### What the task requires
Exactly as written, set down the lines from the top of the entries through the line bearing "在消費(fèi)電子和汽車兩", with every picture left out.

+===+

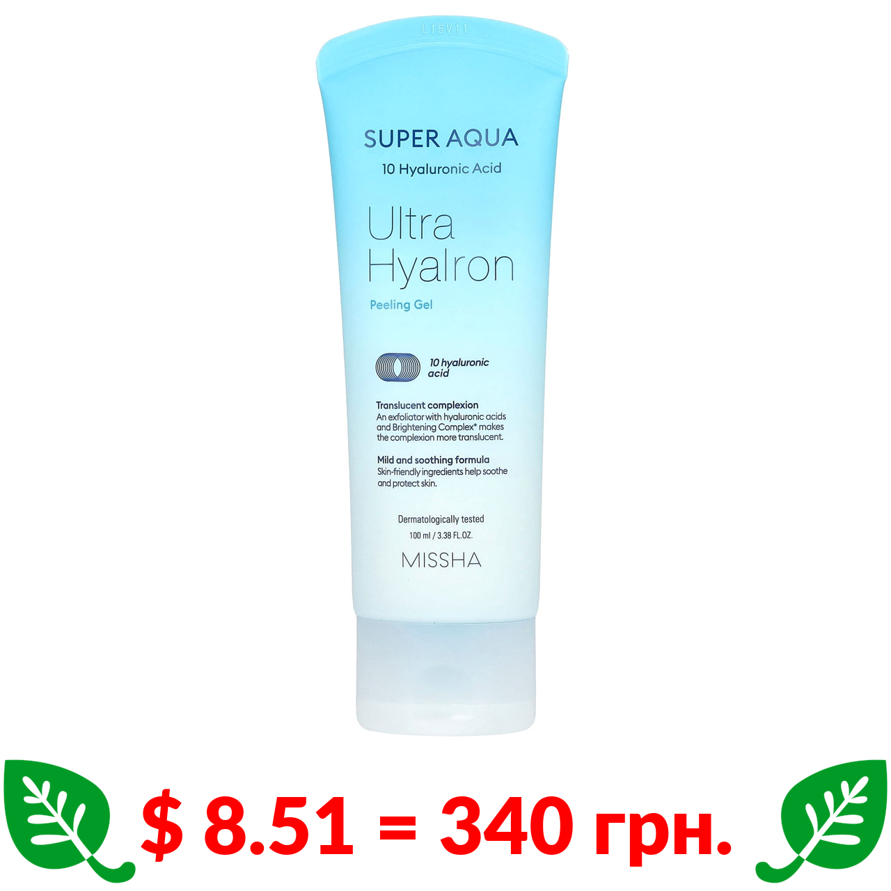 $ 8.51 = 340 грн. Missha, Super Aqua, Ultra Hyalron, гель-пілінг з гіалуроновою кислотою, 100 мл (3,38 рідк. унції)
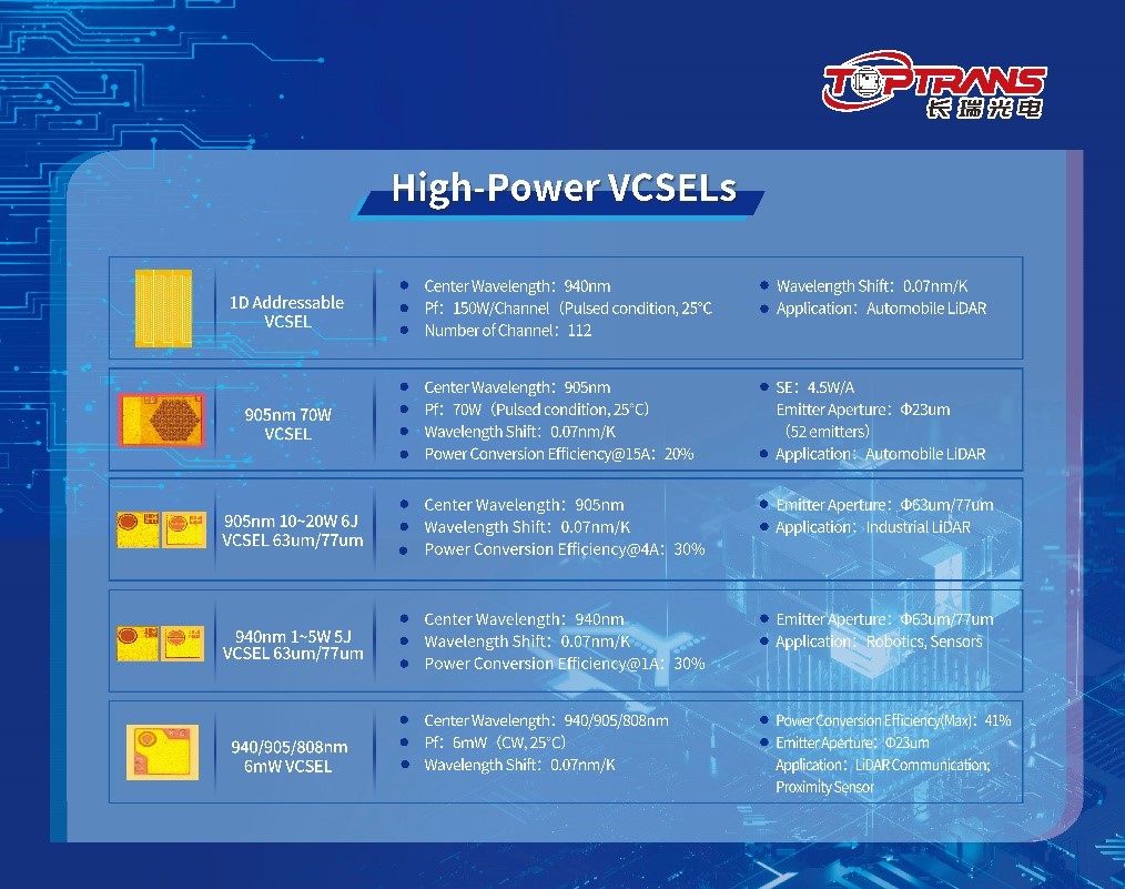 在消費(fèi)電子和汽車兩大終端產(chǎn)品的智能化需求之下,VCSEL芯片在工業(yè)傳感等領(lǐng)域迎來更加龐大的市場(chǎng)需求。得益于長(zhǎng)期產(chǎn)品開發(fā)的經(jīng)驗(yàn),長(zhǎng)瑞已經(jīng)開拓了更加豐富的VCSEL芯片產(chǎn)品線。目前,長(zhǎng)瑞光電VCSEL芯片產(chǎn)品現(xiàn)已涵蓋8xx-9xx多個(gè)波長(zhǎng)、單結(jié)和多結(jié)、6mW-70W等不同功率VCSEL芯片。產(chǎn)品形態(tài)包括:?jiǎn)吸c(diǎn)、陣列、可尋址等;支持VCSEL SMD、TO等封裝系列,滿足工業(yè)傳感市場(chǎng)多樣化的產(chǎn)品需求。
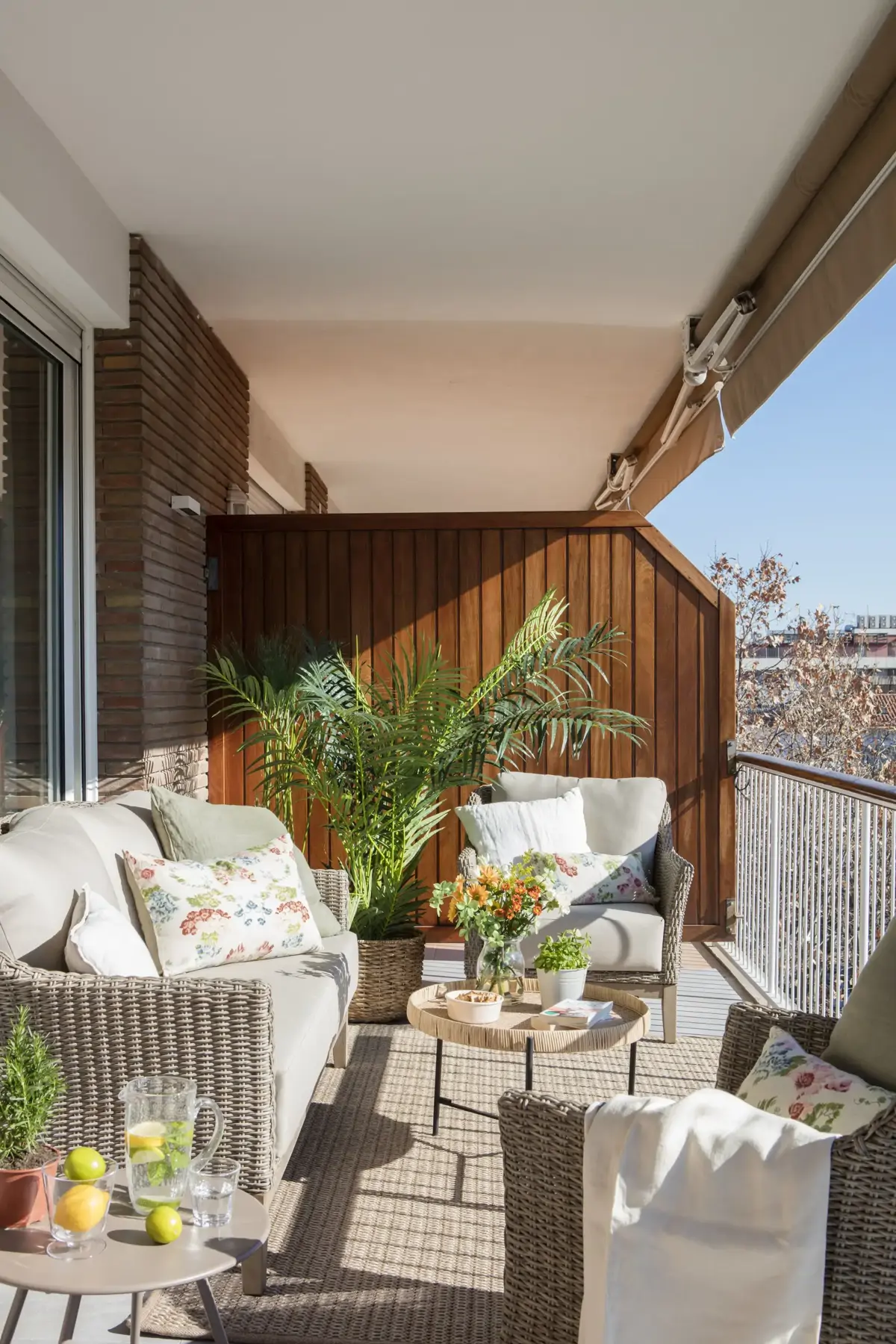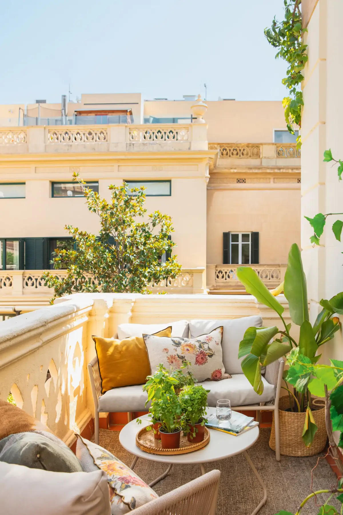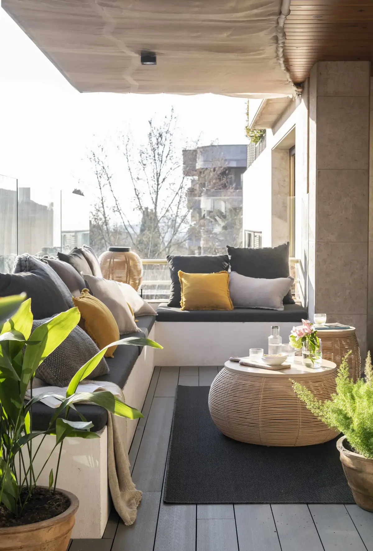 Un aménagement chaleureux et rustique suffit amplement pour votre petit balcon. Jouez avec des matériaux naturels comme la laine, le bois ou les tissus biologiques . Vous pouvez également y ajouter un point d’eau ou un système de chauffage, selon la saison. Nous pouvons aussi ajouter des guirlandes pour profiter de la terrasse tard le soir.
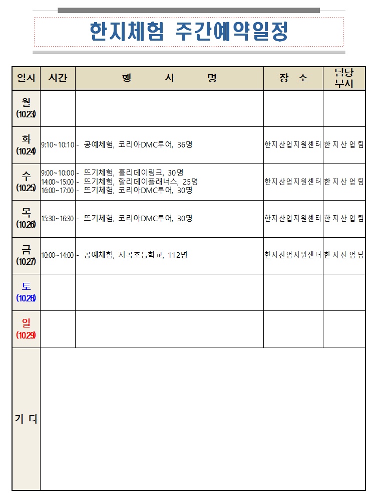 한지체험 주간예약일정 10.23 ~ 10.29
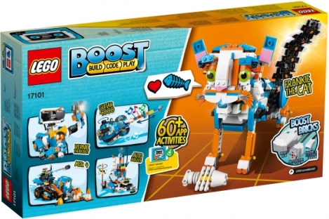 Zkombinuj všestranný stavební systém LEGO® s pokročilou technologií a rozvíjej svou kreativitu. To vše s pomocí úžasné Kreativní sady LEGO BOOST. Stáhni si zdarma aplikaci do svého zařízení a řiď se podrobnými návody, podle kterých sestavíš a naprogramuješ všech 5 multifunkčních modelů. Vyzkoušej si robota Vernieho - pohyblivého a mluvícího robota; model M.T.R.4 (Multi-Tooled Rover 4) - robustní, všestranné vozítko se 4 různými přídavnými nástroji, včetně pružinového vystřelovače; model Guitar4000 - hudební nástroj se špičkovými zvukovými efekty; kocoura Frankieho - interaktivního domácího mazlíčka, který si umí hrát, vrnět a dávat najevo svou náladu; nebo model AutoBuilder - automatickou výrobní linku, která je opravdu schopna vyrábět miniaturní LEGO modely! Oživ své modely díky intuitivnímu rozhraní kódovací aplikace s ikonkami a plň celou řadu úžasných úkolů pro každý z modelů. Součástí této sady je také herní podložka, kterou lze použít při specifických aktivitách, a plakát LEGO BOOST na stěnu tvého pokojíčku. LEGO BOOST aplikace je dostupná pro Windows 10 PCs, vybrané systémi iOS, Android a Kindle.
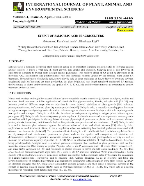 SALICYLIC ACID IN AGRICULTURE (หน้าที่สำคัญ)

+===+

### Problem solution
 $ 8.51 = 340 грн. Missha, Super Aqua, Ultra Hyalron, гель-пілінг з гіалуроновою кислотою, 100 мл (3,38 рідк. унції)
 在消費(fèi)電子和汽車兩大終端產(chǎn)品的智能化需求之下,VCSEL芯片在工業(yè)傳感等領(lǐng)域迎來更加龐大的市場(chǎng)需求。得益于長(zhǎng)期產(chǎn)品開發(fā)的經(jīng)驗(yàn),長(zhǎng)瑞已經(jīng)開拓了更加豐富的VCSEL芯片產(chǎn)品線。目前,長(zhǎng)瑞光電VCSEL芯片產(chǎn)品現(xiàn)已涵蓋8xx-9xx多個(gè)波長(zhǎng)、單結(jié)和多結(jié)、6mW-70W等不同功率VCSEL芯片。產(chǎn)品形態(tài)包括:?jiǎn)吸c(diǎn)、陣列、可尋址等;支持VCSEL SMD、TO等封裝系列,滿足工業(yè)傳感市場(chǎng)多樣化的產(chǎn)品需求。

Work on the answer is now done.